To understand whether a similar effect extends to other drugs in places outside the poor communities of Salvador, Brazil where the rats were trapped, they have launched similar studies of rats from places like Kisangani in the Democratic Republic of Congo; Niamey, the capital of Niger; and Nairobi, to see whether the relationships suggested by the Salvador study crop up there as well. They will also be testing for substances they had not previously covered, such as antivirals.
Pharmaceutical residue in the environment is more pervasive in communities with open sewers and poor rainwater drainage—like the favelas of Salvador—than in the cities and towns of wealthier countries. But even in the United States, these compounds can evade wastewater treatment. About 14.8 million prescriptions of citalopram, the generic for Celexa, are written in the U.S. each year, and the human body does not fully metabolize the drug, so anywhere from 10 percent to 70 percent of the active compound is excreted into wastewater. Treatment plants typically only remove a small fraction of it.
If our drugs are shaping disease risk in rats, the phenomenon could apply to other animals, such as bats and birds, as well.
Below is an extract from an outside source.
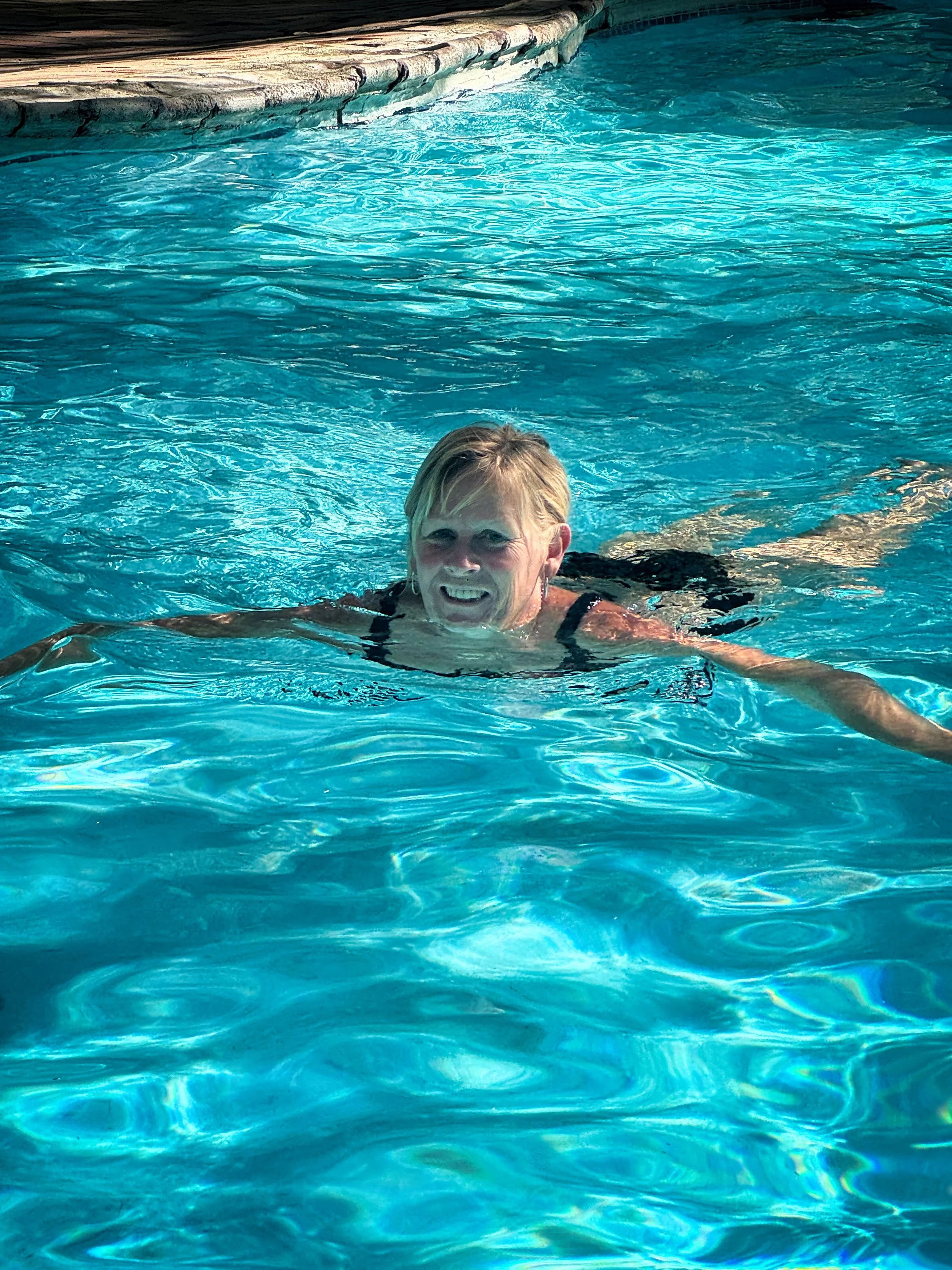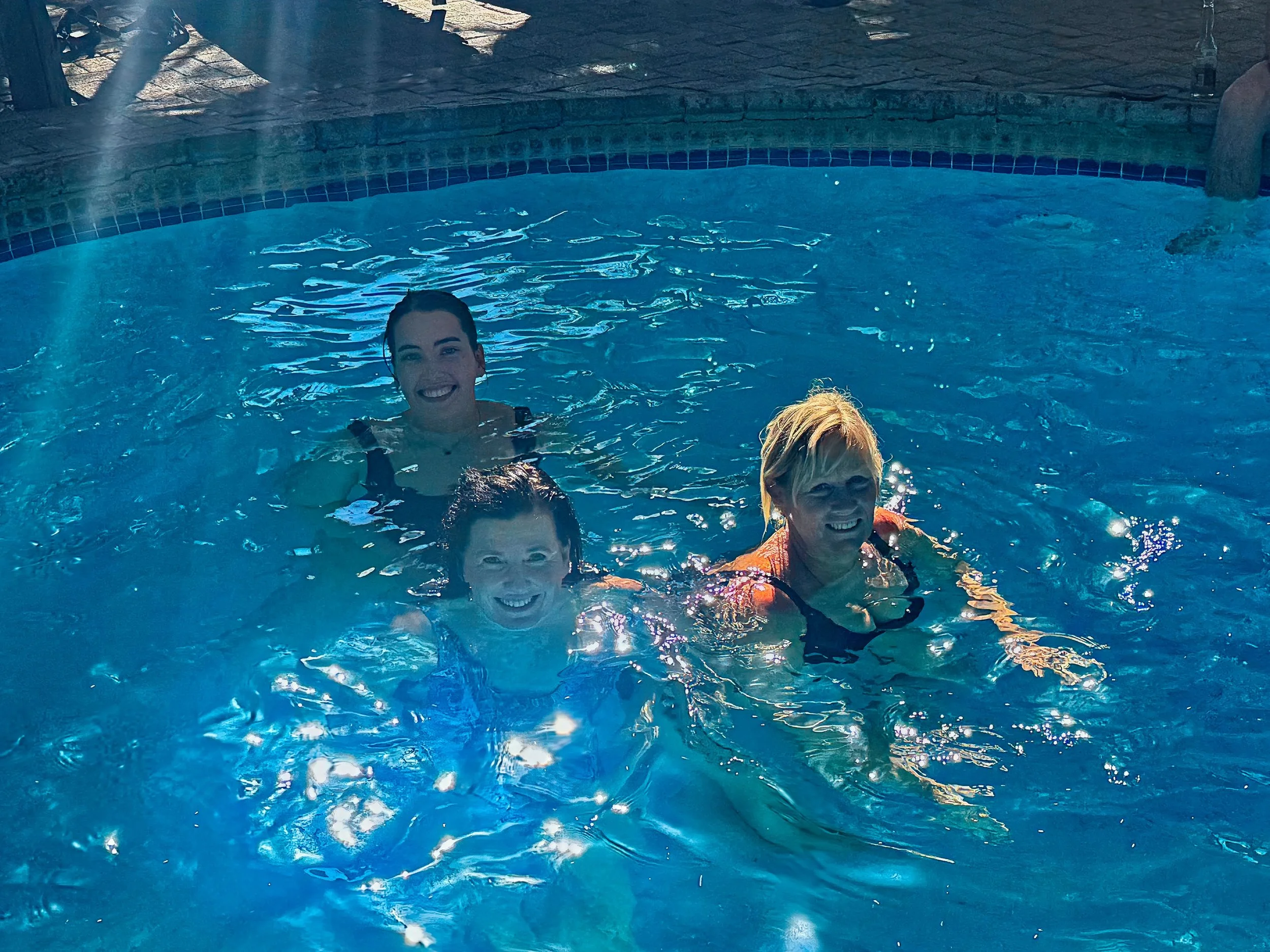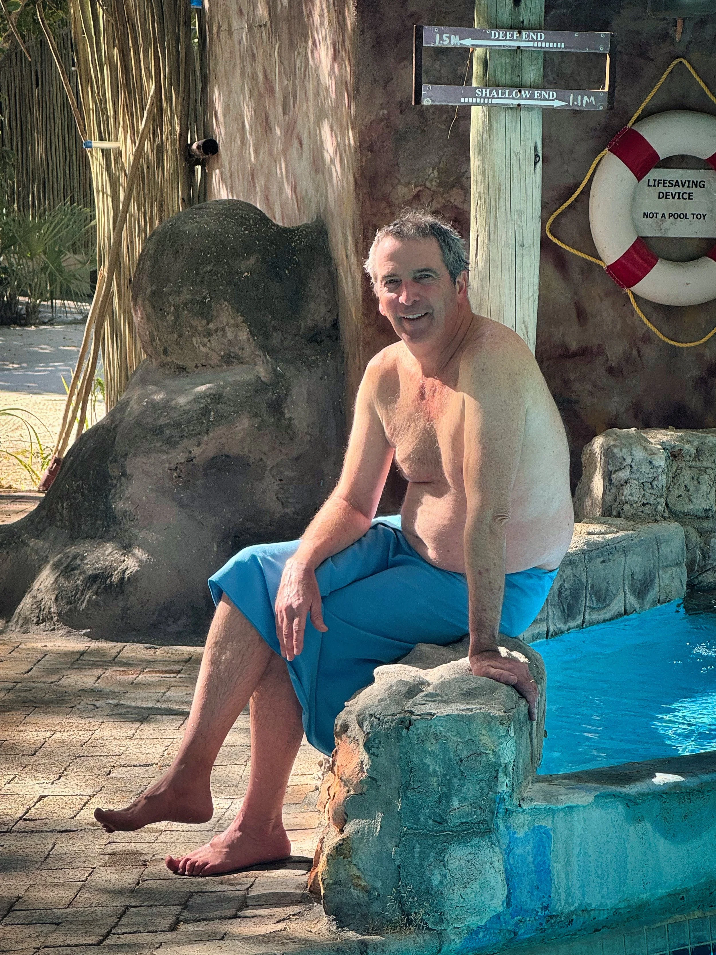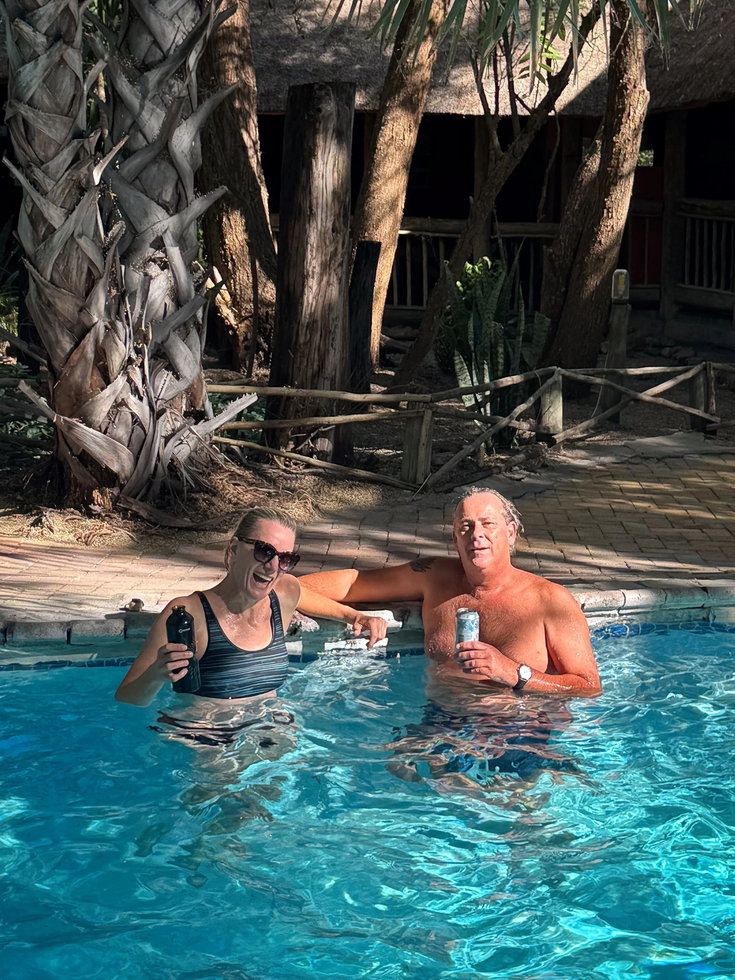 We established camp with the usual ring of tents then helped Nola set up the kitchen station before she prepared lunch, and with the cooler once again stocked we dined in the sun on delicious African style hotdogs and ice cold beverages. It was very laissez-faire befitting our ever slowing pace and a wonderful afternoon after a frantic first week. With a crystal blue pool on site it didn’t take much for many of us to head on down and test the waters, which as with all swimming this time of year, was frightfully cool but ultra refreshing.

For example, dabbling ducks—a group of waterfowl species that includes the mallard—developed antiviral resistant influenza strains when they ingested Tamiflu in the environment, according to recent studies. And bats exposed to high levels of antivirals through the consumption of aquatic insects may shed more drug-resistant viruses, a recent preprint from scientists at the Cary Institute of Ecosystem Studies and Sweden’s Umea University suggests. Bioaccumulation in the food web can lead small insect-eating animals to gobble up volumes of pharmaceuticals that are far higher than the therapeutic dose in humans, as pointed out by a 2020 letter to Reviews on Environmental Health.
How human drugs travel through the environment has become a new point of focus for the Environmental Protection Agency, which recently put pharmaceuticals on a priority list as “candidate contaminants,” unregulated substances that could require regulation in the future. This opens the door for it to monitor them and their potential health effects. Rats could help humans get a better grasp of just how much pharmaceutical residue and microplastics are circulating in our urban environment. The EPA has also established human health benchmarks for 374 pharmaceuticals, a move aimed at helping communities determine whether the levels in their water are concerning.
Chelsea Himsworth, an associate professor at the School of Population and Public Health at the University of British Columbia in Canada, who didn’t participate in the study, says over email that while the findings are interesting, she doesn’t think it would “be practical for cities to monitor for this, given that it is a challenge for municipalities to even monitor the rats themselves.”
But if the additional research validates the results of the Salvador study, Khalil is hoping it will raise awareness among health authorities about the potential for pharmaceuticals to change disease-transmission patterns in rats. Preventing drugs from entering the water supply in the first place is likely a bigger challenge.